期刊
MOLECULAR AND CELLULAR NEUROSCIENCE
卷 41, 期 2, 页码 156-165出版社
ACADEMIC PRESS INC ELSEVIER SCIENCE
DOI: 10.1016/j.mcn.2009.02.003
关键词
Plasma membrane Ca(2+)-ATPases; PMCA; Membrane palmitoylated protein 4; MPP4; PSD-95; PSD95; Photoreceptor synapse; Presynaptic plasma membrane; Mutant mice; Retina
资金
- European Commission [HEALTH-F2-2008-200234]

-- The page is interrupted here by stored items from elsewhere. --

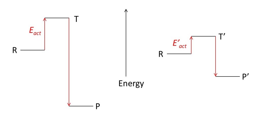 Now suppose there is a possibility of forming a different set of products, P’, that requires a lower energy transition state, T’. The energy of the reactants is independent of the products and so remains unchanged. If the energy of P’ is lower then R, the products of the reaction may be P’, instead of P, if E’act is much less than Eact. Here E’act is the energy difference between R and T’.
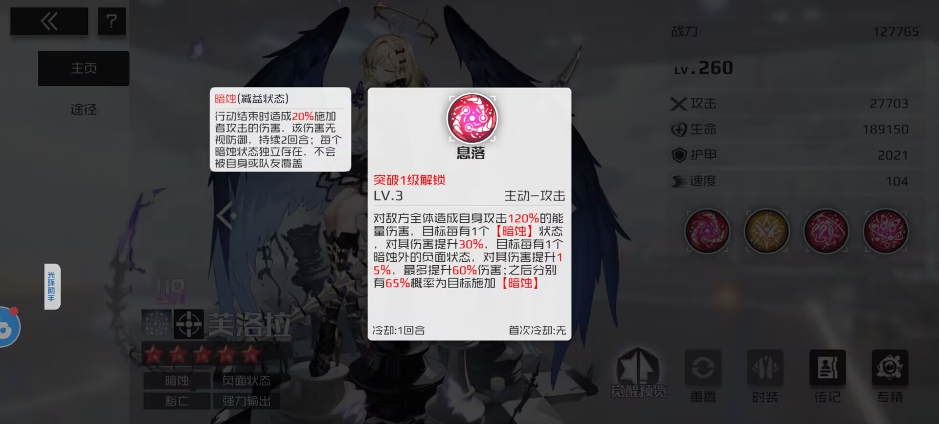 ②特点作用:能够给敌人挂【暗蚀】负面和给我方挂【光耀】增益效果,正是芙洛拉和露薇娅所需要的机制。
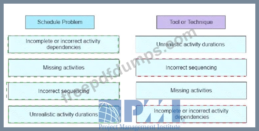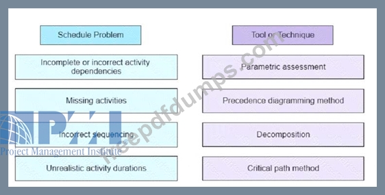 A few months into a project, several schedule issues have emerged Drag the schedule problems on the left to the specific tools on the right that if implemented during schedule development could have prevented the issues.

- Stichting OOG and Rotterdamse Vereniging Blindenbelangen
- ANR Neuroscience DYOR
- Royal Netherlands Academy of Arts and Sciences
At the presynaptic plasma membrane of the photoreceptor the correct localization of the calcium extruder, plasma membrane Ca2+-ATPase (PMCA), is determined by a unique protein complex. Here, the role of two proteins within the complex; membrane palmitoylated protein 4 (MPP4) and postsynaptic density protein 95 (PSD95) is investigated in more details, using Mpp4 and Psd95 mutant mice. MPP4 deficiency results in the loss of both PMCA and PSD95 from the photoreceptor synapse. Truncation of the C-terminal part of MPP4 leads to a loss of PSD95 and mislocalization of PMCA, while truncation of the C-terminal part of PSD95 did not affect the localization of the complex members. Lentivirus-mediated molecular replacement strategy was used to selectively express either PSD95 or PSD95 beta in wild type or Mpp4 mutant primary retinal explants. Silencing of the Psd95 gene resulted in the loss of presynaptic MPP4 and PMCA1. The plasma membrane localization of MPP4 and PMCA1 could be restored by the expression of PSD95 beta. We conclude that both scaffold proteins PSD95 beta and MPP4 are essential for the modulation of PMCA levels at the presynaptic plasma membrane and thereby influence the photoreceptor synaptic calcium handling. (C) 2009 Elsevier Inc. All rights reserved.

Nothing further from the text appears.